The two main stars of this complex are Arcturus (α Boötis) and Spica (α Virginis).

According to Danielle Adams, on the Arabian Peninsula, the term simak "... indicated something that was used to raise something else high up." When the Two Sky-Raisers reached the midpoint of their travels across the night sky, Arcturus was almost at the zenith while Spica was almost directly below it, about halfway up the sky.

The Sky Raisers; presentation by Danielle Adams
Source: Arab Star Calendars

The Two Sky-Raisers, the brightest and tenth brightes stars visible in the night sky of the northern hemisphere were "... the pillars that held up the canopy of the heavens."

The complex was divided into two parts. The Spear-Bearing Sky-Raiser and the Unarmed Sky-Raiser.

as-simak ar-ramih (السماك الرامح), The Spear-Bearing Sky-Raiser was represented by Arcturus (α Boötis). It is the higher one of the Two Sky-Raisers and for this reason it was sometimes called ar-raqib (الرقيب), the Watcher.

η Boötis, the bright star next to Arcturus was seen as ar-rumh (الرمح), the Spear.

While α Boötis now goes by the Latin name Arcturus, the modern name of η Boötis remained Arabic. The name Muphid, derived from mufrid ar-rāmiħ (مفرد الرامح), meaning "the (single) one of the lancer" is directly related to its ancient name.

Within the Sky Raiser complex, another name for η Boötis was rayat as-simak (راية السماك), The Banner of the Sky-Raiser - according to Danielle Adams, the name recalled the military standard used in battle.
Source: Arab Star Calendars

For the Unarmed Sky-Raiser and its Throne, see the detailed descriptions of the constellations Virgo and Corvus.

For more information on this ancient Sky Raiser complex, see Danielle Adams' essay The Setting of the Arabian Sky-Raisers: Widespread rains of summer.

Medieval Islamic Astronomy

In Islamic astronomy, for example on the Manuchihr Globe, the constellation is called kawākib al-‘awwā’, the constellation of the Howler, in reference to the Greek word βοητης (see above).

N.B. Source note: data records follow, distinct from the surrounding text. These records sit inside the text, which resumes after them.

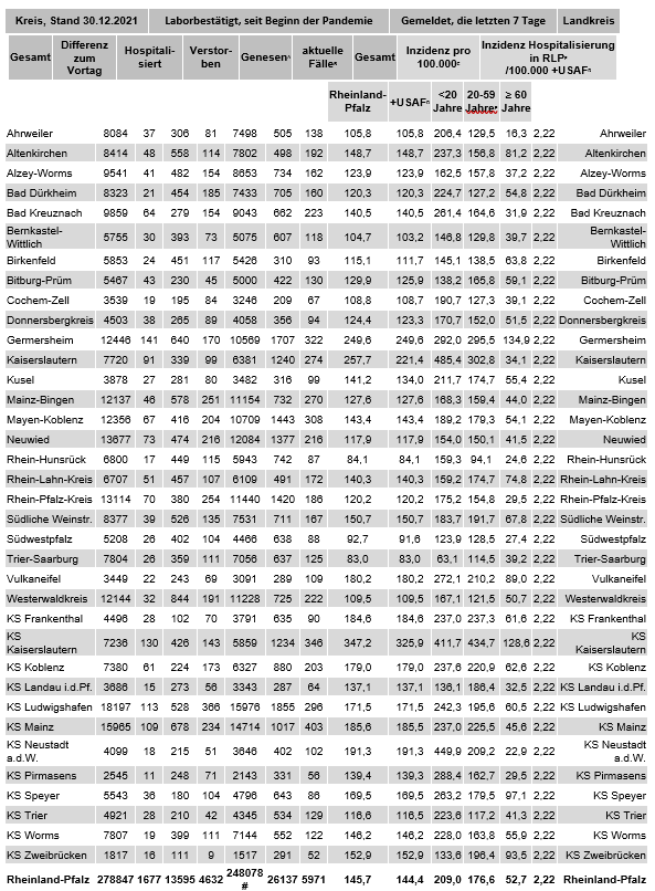 Coronavirus SARS-CoV-2: Fallzahlen für Rheinland-Pfalz, (Datenstand vom 30.12.2021, 14:10 Uhr)
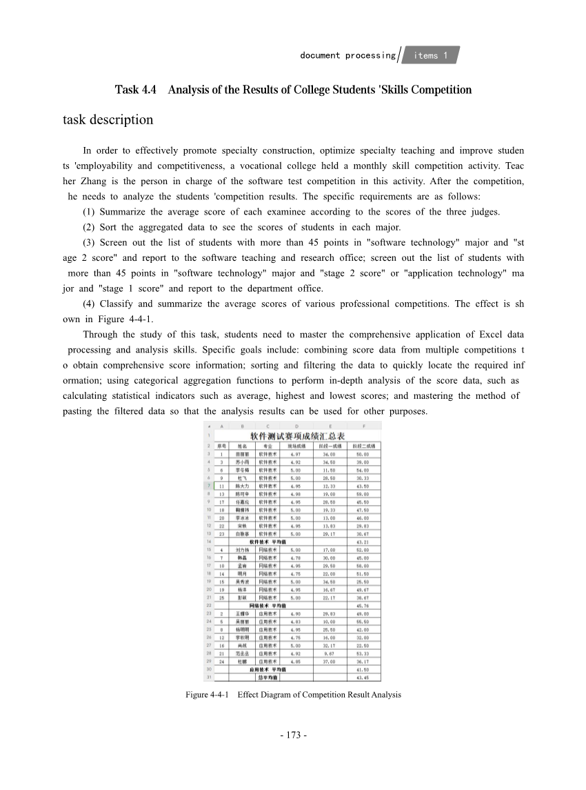 Task 4.4 Analysis of the Results of College Students ,Skills Competition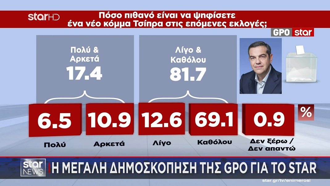 Όσον αφορά στο υπό ίδρυση κόμμα του Αλέξη Τσίπρα και το ερώτημα «Πόσο πιθανό είναι να ψηφίσετε το κόμμα του κ. Τσίπρα στις επόμενες εκλογές» καταγράφονται τα εξής:

There is also an asterism within the neighboring constellation Virgo named al-‘awwā’ by Egyptian astronomer Al-Muwaqqit.

Sources: Manuchihr Globe, R.H. Allen

German arabist Paul Kunitzsch mentioned another Arabic name for the constellation, Al-Haris al-Sama meaning, the Guard of the North.

Sources: Wikipedia, Kunitzsch, Smart: A Dictionary of Modern Star Names

β Boötis bore the Arabic name Al Baḳḳār (البحر), the Herdsman. An erroneous transliteration turned that name into Nakkar, which became the root of the now official name Nekkar.

Sources: Wikipedia, R.H. Allen

Boötes on the Manuchihr Globe

γ Boötis, now known by its latinized name Seginus was named Menkib al Aoua al Aisr (منكب العواء الأيسر), the left shoulder of the barker (or howler) by Al-Muwaqqit.

Source: Wikipedia

R.H. Allen reports that the trapezoid formed by β, γ, δ and μ Boötis was called al-dhiʼbayn (الذئبين), which is the plural form of female wolves. The wolf pack, "...lying in wait for the occupants of the ancient Fold around the pole...." was completed by the stars ζ and η Draconis.

See Draco for more information on the wolf pack and its prey.

Sources: R.H. Allen, Wikipedia, H.B. Rumrill:, Star Name Pronunciation

al-dhiʼbayn drawn by the author
map based on
ε Boötis bore the traditional Arabic names Izar, Mirak and Mizar.

ʾizār (إزار) is Arabic for veil while Mirak derives from al-maraqq' (المراق‎), the loins.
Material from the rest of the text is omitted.